There he goes again.
Jimmy Carter, former Jim Crow man, has accused millions of his fellow
Americans of engaging in the type of racial politics that marked his
political career for years, even up to the eve of the 1980 presidential
election and for which he has never apologized or acknowledged.
Branding his opponents as racists is nothing new for the old,
self-described "redneck." In the fall of 1980, he and his minions
unleashed one of the most vicious campaigns in recent American history
against his opponent, Ronald Reagan.
The attacks were so unprecedented, Nancy Reagan did something which was
unprecedented at the time; she appeared in a television commercial
taking it to President Carter over the slurs against "Ronnie." Carter
had shamefully accused his GOP opponent of wanting to divide American,
"black from white, Christian from Jew & hellip"
It was a curious and more importantly nasty and unfounded attack, as
Reagan had a long history of fighting racism and anti-Semitism. As a
young man playing football for Eureka College, several African-American
members were barred from staying at a "whites only" hotel. While their
coach tried to make some other accommodations, Reagan took his teammates
to his home, where his parents kindly took them in.
In the 1940's, Reagan quit a country club in Los Angeles in protest when
he discovered it had a policy of barring Jewish members. As governor of
California, Reagan appointed more blacks to positions in his
administration, hundreds more than his so-called progressive
predecessors, including Earl Warren and Pat Brown.
Meanwhile Carter, in the early 1960s, supported legislation in the
Georgia State Senate, which would have effectively eviscerated the Civil
Rights Act, and would have prevented the desegregation of public schools
there as well as open housing.
In 1966, during the contested gubernatorial election in Georgia, Carter
had a choice as a state senator. He could support the Republican, Bo
Calloway. He could support the moderate Democrat, Ellis Arnall. Or he
could stand with Lester Maddox, one of the repugnant leaders of
segregation in the South. Carter chose the stand with Maddox, in order
to protect his political future.
During the nasty 1970 Democratic primary for governor of Georgia, Jimmy
Carter's campaign mass produced photos of his opponent, Carl Sanders,
with the black members of the Atlanta Hawks. Sanders was the real
progressive in the campaign.
Even as late as 1976, Carter, while campaigning in the South, praised
Senators John Stennis and Jim Eastland, two longtime Southern Democrats
who were supporters of "Massive Resistance," the attempt by some whites
in the South to oppose racial integration. For the record, President
Lyndon Johnson had also supported Massive Resistance early in his
Congress in Texas.
When reporters caught up with Stennis to ask him his position on racial
desegregation he replied, "I'm against it. Always have been and always
will be."
Also that fall, Carter's home church, the Plains Baptist Church, voted
to ban blacks from joining. Carter did not quit in protest, knowing it
would undermine his "Southern Strategy" in the election. Weakly, he said
he would attempt to change the policy from the inside.

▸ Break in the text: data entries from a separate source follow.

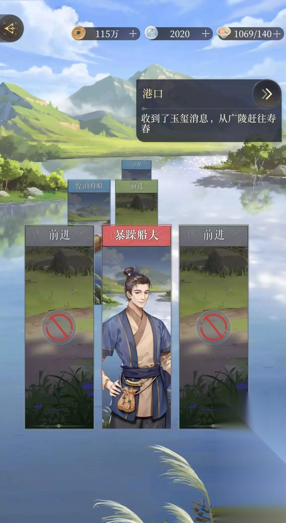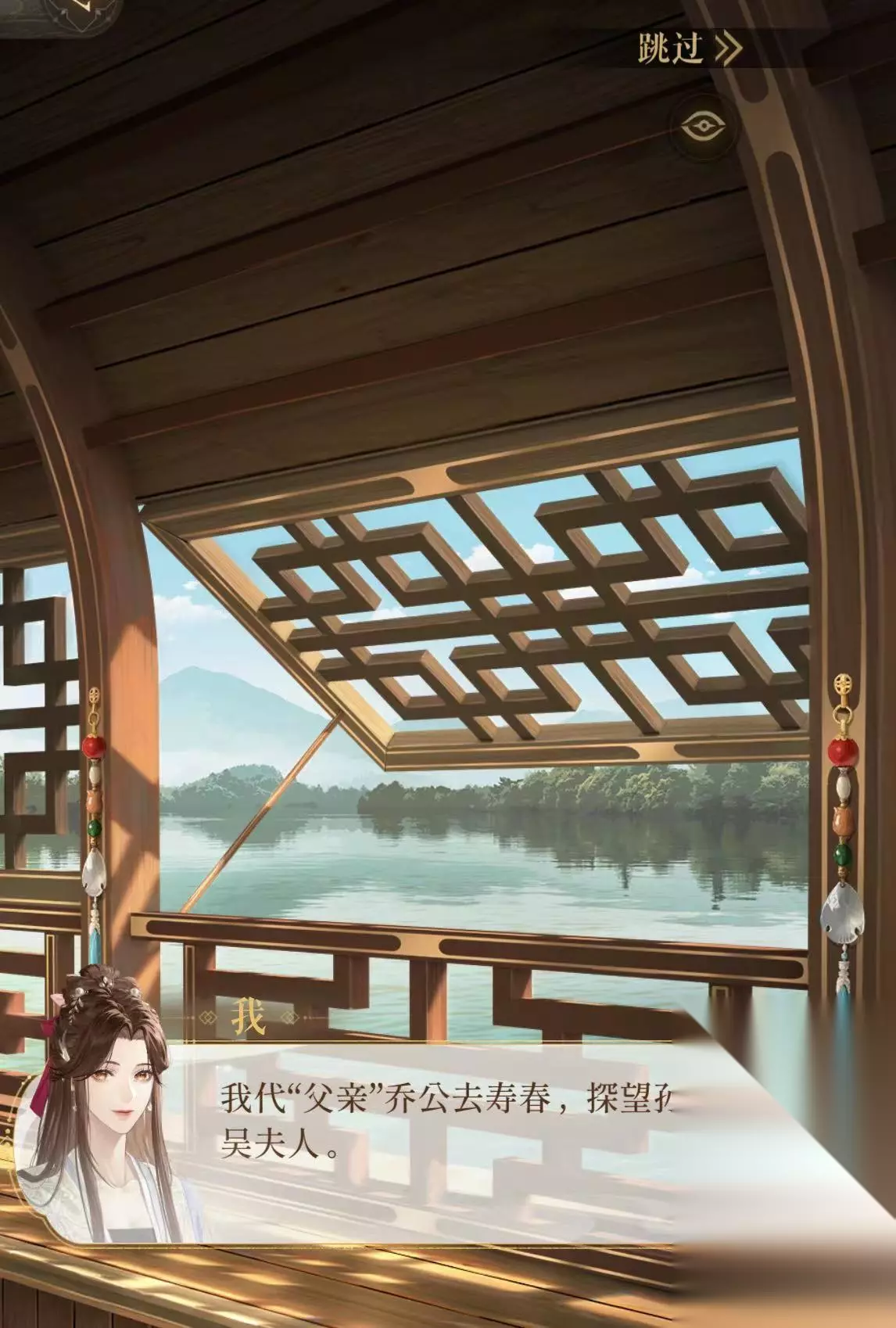 通过水路找到可信的船夫,成功登船之后广陵王介绍此行目的。玩家现在的身份是庐江乔氏家的大女儿,乔氏是绣衣楼在南方的势力之一,而且与此行所到目的地孙家有世交。玩家扮演的广陵王前往寿春代替其父亲看望吴夫人,因为她是乔氏的长女,所以大家都称她为大乔。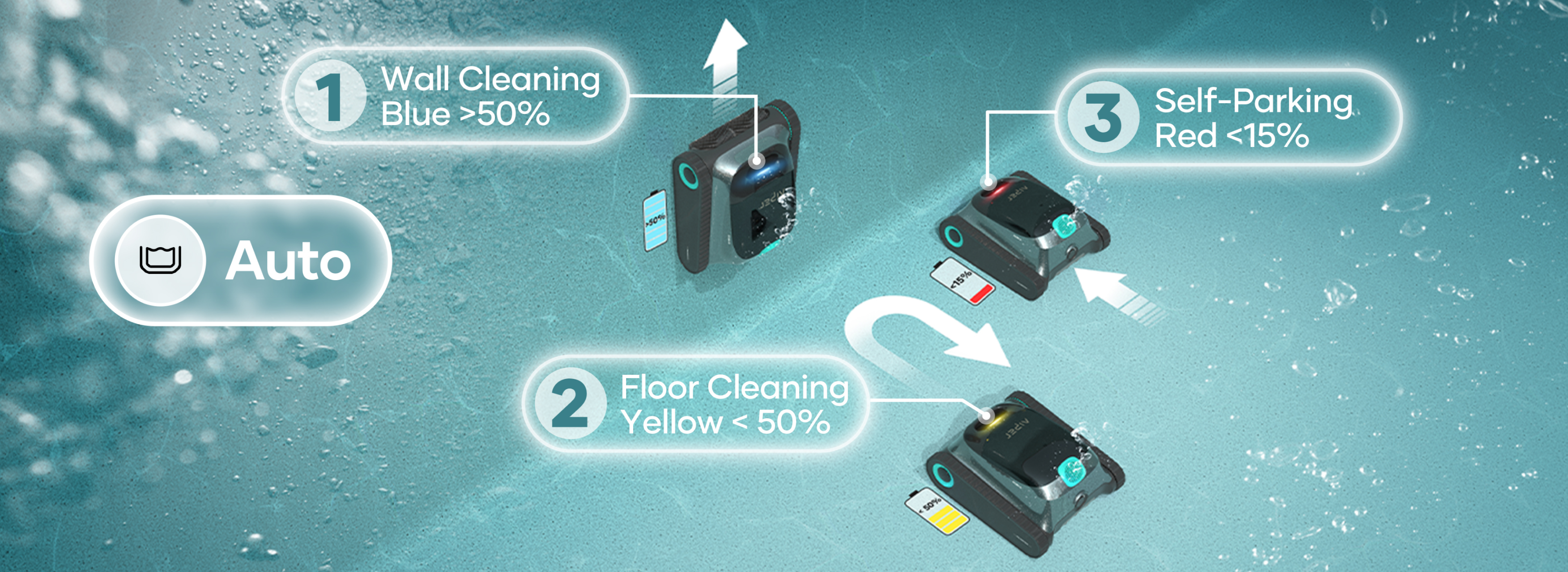 4.In case of excessive algae,use an algae cleaner first, then proceed with robot cleaning for improved results.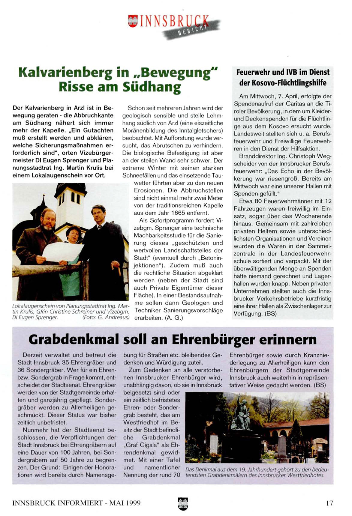 nen Innsbrucker Ehrenbürger wird, Innsbruck auch weiterhin in repräsenunabhängig davon, ob sie in Innsbruck tativer Weise gedacht werden. (BS)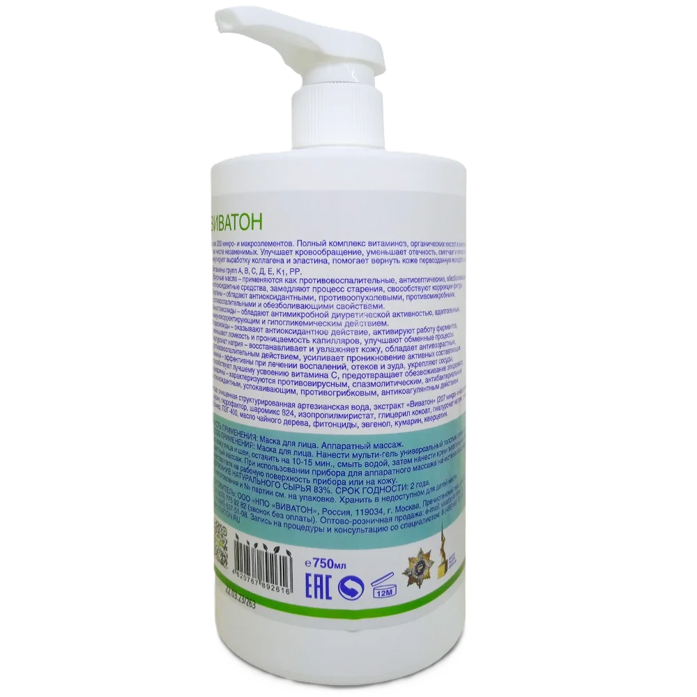 Профессиональное многофункциональное средство в форме легкого желе, предназначенное для комплексного ухода за лицом и телом. Благодаря уникальному сочетанию экстракта «Виватон» и гиалуроната натрия, гель эффективно борется с обезвоживанием, снимает отеки и зуд, а также оказывает выраженное антивозрастное действие. Объем 750 мл идеален как для ежедневных домашних процедур, так и для использования в качестве контактной среды при аппаратном массаже.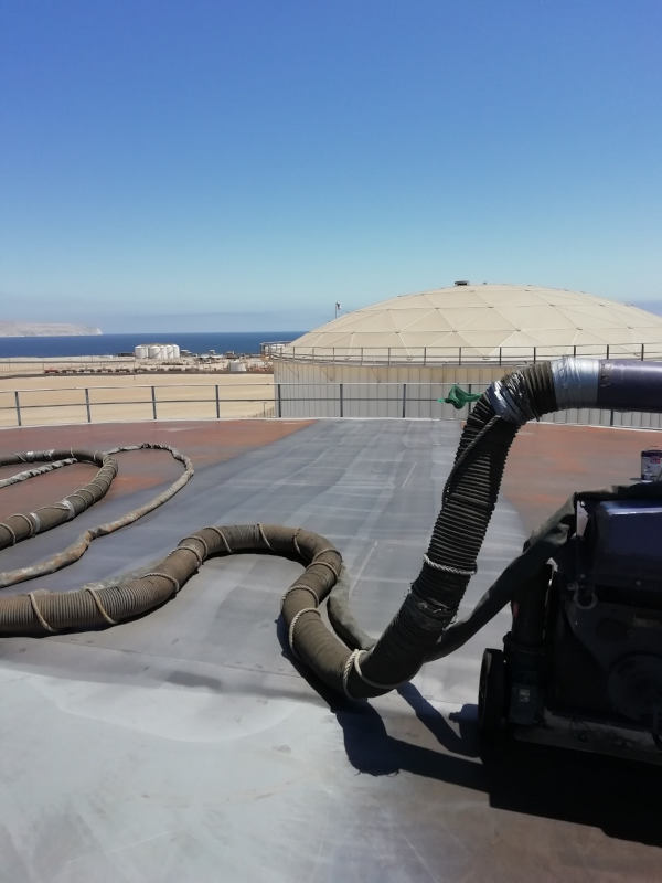 Blasting Experts sigue completando proyectos exitosos de preparación de superficies en Latino América, en esta ocasión con el uso de la Tecnología FasterBlaster durante el mantenimiento de dos tanques de almacenamiento de la Terminal Copec en Mejillones Chile. Promedio de rendimiento diario 300m2 (Techo, Paredes y Fondo) con limpieza SSPC-SP5 Metal Blanco y el uso de granalla metálica Ervin Industries USA.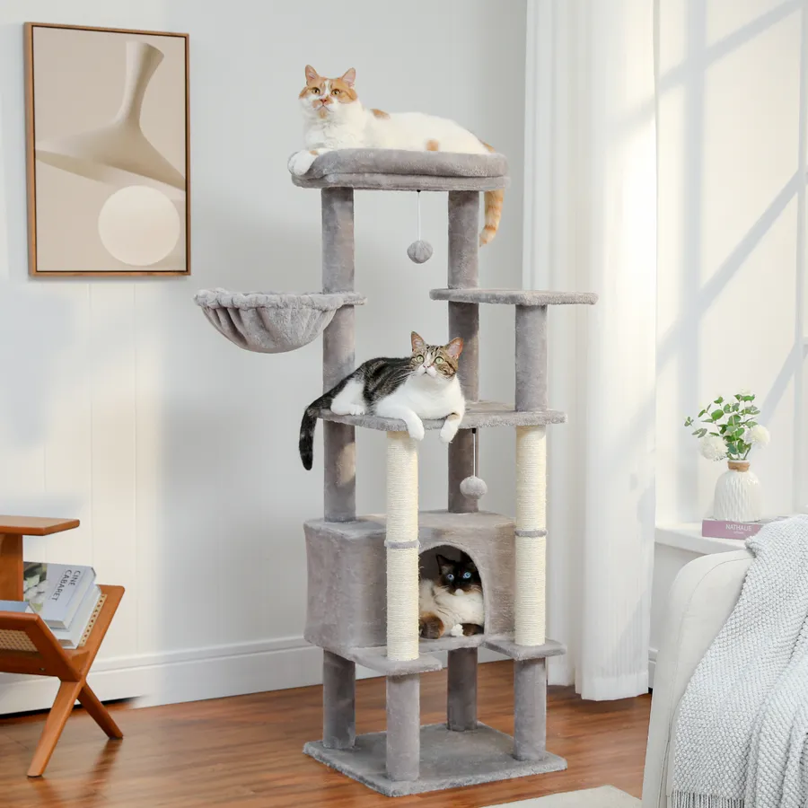 The PAWZ Road 55" Plush Sisal Scratching Post Indoor Cat Tree is the ultimate kitty haven! With 4 sisal-covered scratching posts, a top perch, a hammock bed, and a spacious cat cave condo, it`s perfect for 2-3 cats of any age. Plus, it`s made of sturdy particle board and plush material with an anti-topple strap for extra stability - so your furry friends can jump, play, and nap safely. Treat your cats right with this purr-fect cat tree!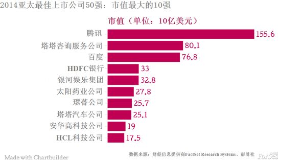 亞太最佳上市公司50強榜單選自于亞太地區1,300家市值或年營收至少達到30億美元的企業。由于我們只考慮上市公司,諸如阿里巴巴集團和華為等熱門的非上市公司就不在本榜單的考慮范圍之內。我們考察了涵蓋范圍廣泛的一系列業績指標,分析每家公司的前景,然后剔除擔負太多債務或者至少半數股份為政府持有的公司。半數以上股份為上市母公司持有的公司也被剔除。經過上述種種計算,最終得出了這份榜單。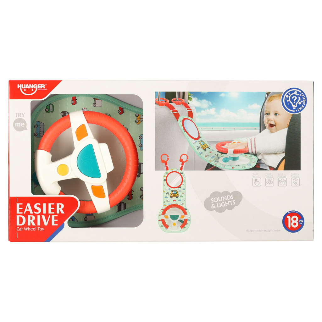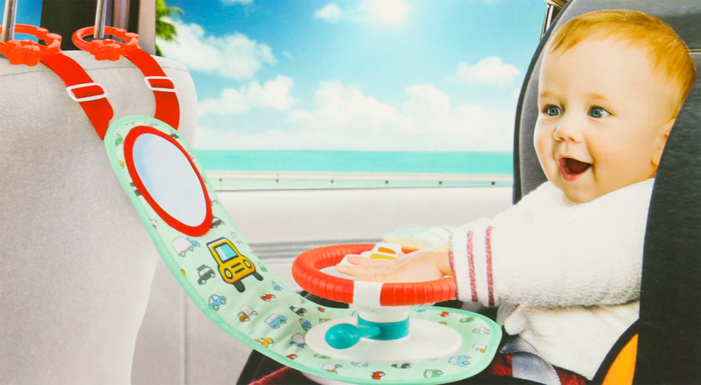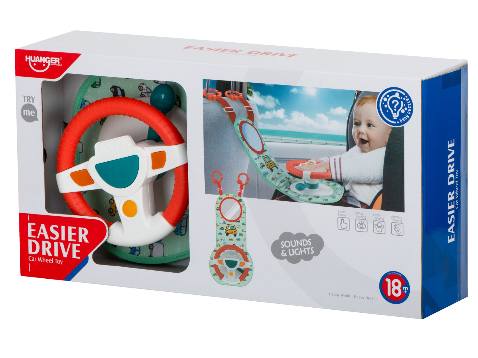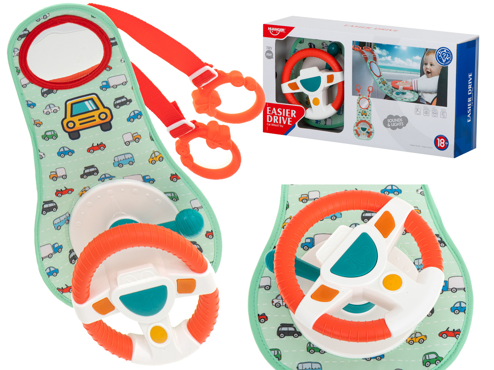 Razigran ali jokajoč otrok na zadnjem sedežu je za voznika vozila velik stres. Imamo rešitev za vas, ki bo vašemu malčku polepšala pot in zagotovila gladko vožnjo. Interaktivni volan je vrsta upravljalne plošče, ki uspešno zaposli majhne roke skozi celotno vožnjo. Sestavljen je iz volana s 4 gumbi, senzoričnega ročaja in plastičnega varnostnega ogledala. Kosi so nameščeni na trdni podlagi, prevlečeni s prijetno tkanino z motivom avtomobilčkov.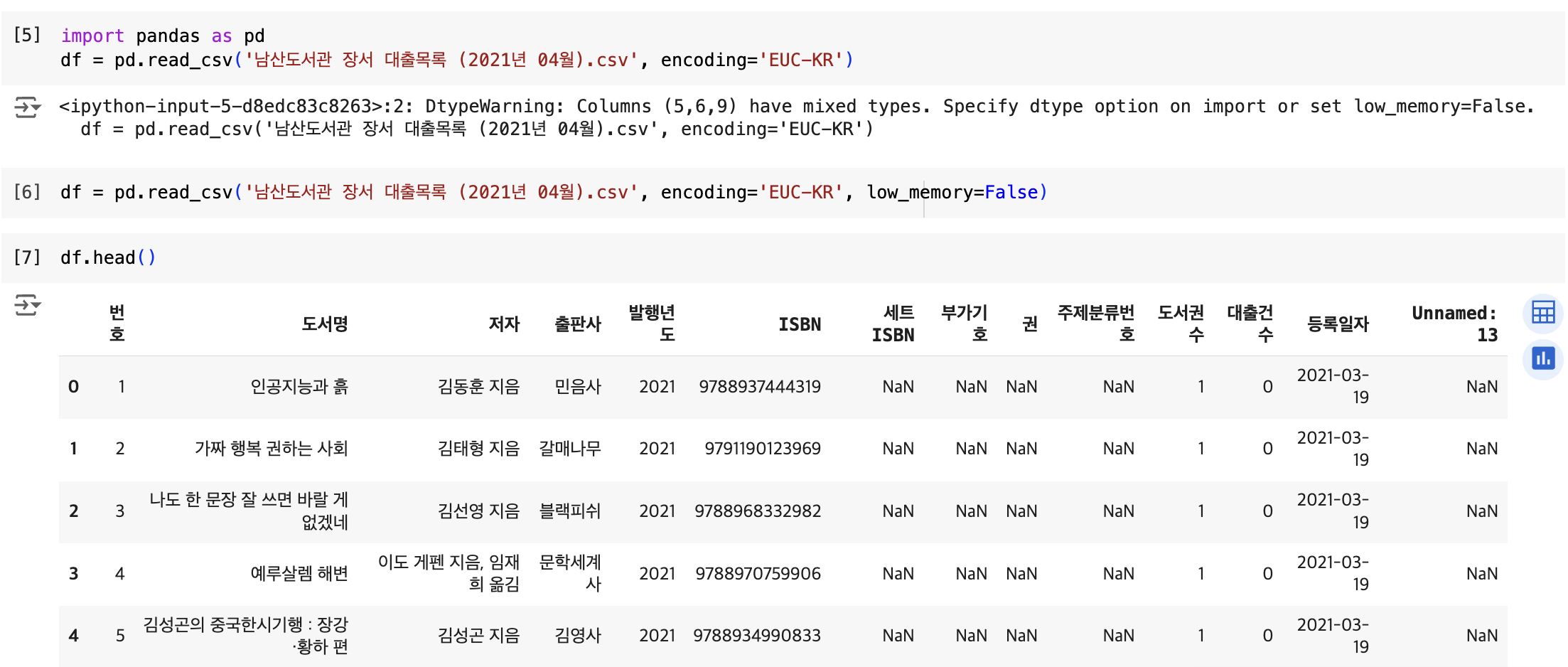 df = pd.read_csv('남산도서관 장서 대출목록 (2021년 04월).csv', encoding='EUC-KR', low_memory=False)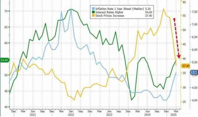 另外,44.5% 一些消费者预测股市会下跌,比二月份有所增强。 11 %,比 2024 年 11 月高出超出 22 %。

In 1976, Carter took all of the South, excepting Virginia, and the
region constituted 40 percent of his electoral total. He knew in 1976
and again in 1980 that to win, he needed to hold onto the states below
the Mason-Dixon line.
If possible, it got worse in 1980. His campaign produced newspaper ads
charging Reagan with wanting to win so he could stop Carter from
appointing blacks to government. Fearful of losing urban-black votes to
the independent candidacy of John Anderson, his campaign ran false ads
on African-American radio stations claiming Anderson had voted against
the Civil Rights Act.
Even liberal editorialists eviscerated Carter for his vindictive
campaign and two Democratic opponents, former Vice President Hubert
Humphrey and Sen. Ted Kennedy, had often complained over the years over
Carter's nasty brand of politics.
The great Hugh Sidey of Time Magazine wrote at the time, "The wrath that
escapes Carter's lips about racism and hatred when he prays and poses as
the epitome of Christian charity leads even his supporters to protest
his meanness."
In Carter's defense, his peanut business was once boycotted by the
citizens of Plains in the 1960's because he'd supported a local
desegregation issue. Carter is not a bigot. Sometimes he rose above his
culture. Other times, he embraced it, especially when there was an
election at stake.
The irony in Carter's attack on the Tea Party protesters is that his
1976 campaign was based in part on attacking the elites of Washington,
the lobbyists, the bankers, the inside traders. Precisely what has the
Tea Party protesters up in arms today. Indeed, Carter wanted to reduce
their power and influence and give Americans a government "as good" as
they were.
If Carter was true to his revolutionary campaign of the bicentennial
year, he'd be defending the Tea Party protesters, not smearing them.
What's got them upset is not racism, but elitism. Carter, in 1976, would
have torn into tax cheats like Timmy Geithner and Kathleen Sebilius.
In his dotage, Carter should give his fellow citizens the benefit of the
doubt, seeing they are lusting in their hearts not for racism or women,
but for freedom and ethics in their government.